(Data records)
-*-*-

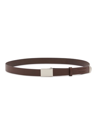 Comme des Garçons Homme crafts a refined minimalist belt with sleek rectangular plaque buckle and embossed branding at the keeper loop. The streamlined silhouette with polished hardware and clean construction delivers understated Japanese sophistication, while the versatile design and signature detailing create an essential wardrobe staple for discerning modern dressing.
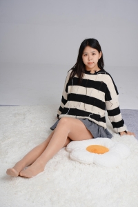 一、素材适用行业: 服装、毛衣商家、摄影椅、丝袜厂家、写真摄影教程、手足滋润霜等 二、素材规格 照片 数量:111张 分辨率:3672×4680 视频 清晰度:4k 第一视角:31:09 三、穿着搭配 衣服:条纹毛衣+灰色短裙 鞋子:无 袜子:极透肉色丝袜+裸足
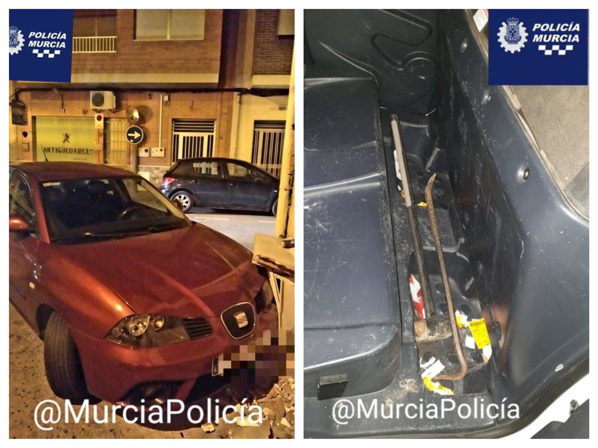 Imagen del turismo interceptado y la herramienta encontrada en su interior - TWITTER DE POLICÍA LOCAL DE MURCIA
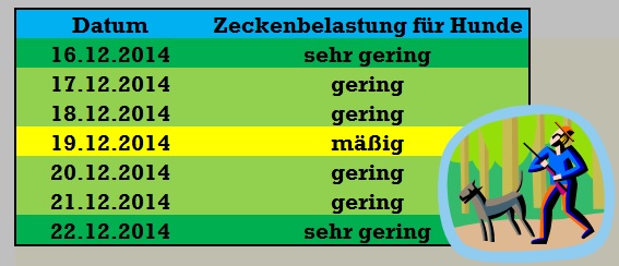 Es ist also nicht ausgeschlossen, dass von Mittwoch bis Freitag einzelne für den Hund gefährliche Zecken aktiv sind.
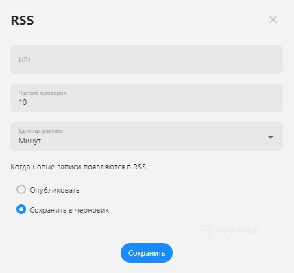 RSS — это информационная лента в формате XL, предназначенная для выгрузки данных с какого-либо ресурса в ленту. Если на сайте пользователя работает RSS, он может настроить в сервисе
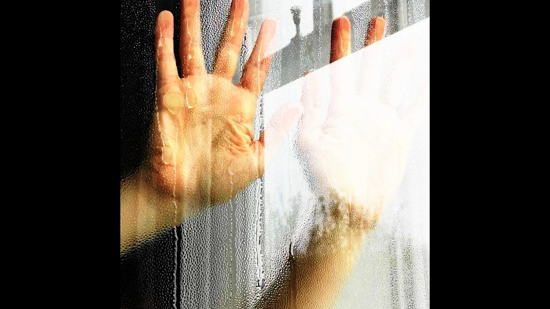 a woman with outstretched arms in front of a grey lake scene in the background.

-*-*-

▸ **Exercise goal**
Nothing but an exact copy is asked for: the lines from the start of the records through the line with "一、素材适用行业: 服装、毛衣商家、摄影椅、丝袜厂家、写真摄影教程、手足滋润霜等 二、素材规格", both ends included, minus any pictures.

▸ **Written response**
 Comme des Garçons Homme crafts a refined minimalist belt with sleek rectangular plaque buckle and embossed branding at the keeper loop. The streamlined silhouette with polished hardware and clean construction delivers understated Japanese sophistication, while the versatile design and signature detailing create an essential wardrobe staple for discerning modern dressing.
 一、素材适用行业: 服装、毛衣商家、摄影椅、丝袜厂家、写真摄影教程、手足滋润霜等 二、素材规格 照片 数量:111张 分辨率:3672×4680 视频 清晰度:4k 第一视角:31:09 三、穿着搭配 衣服:条纹毛衣+灰色短裙 鞋子:无 袜子:极透肉色丝袜+裸足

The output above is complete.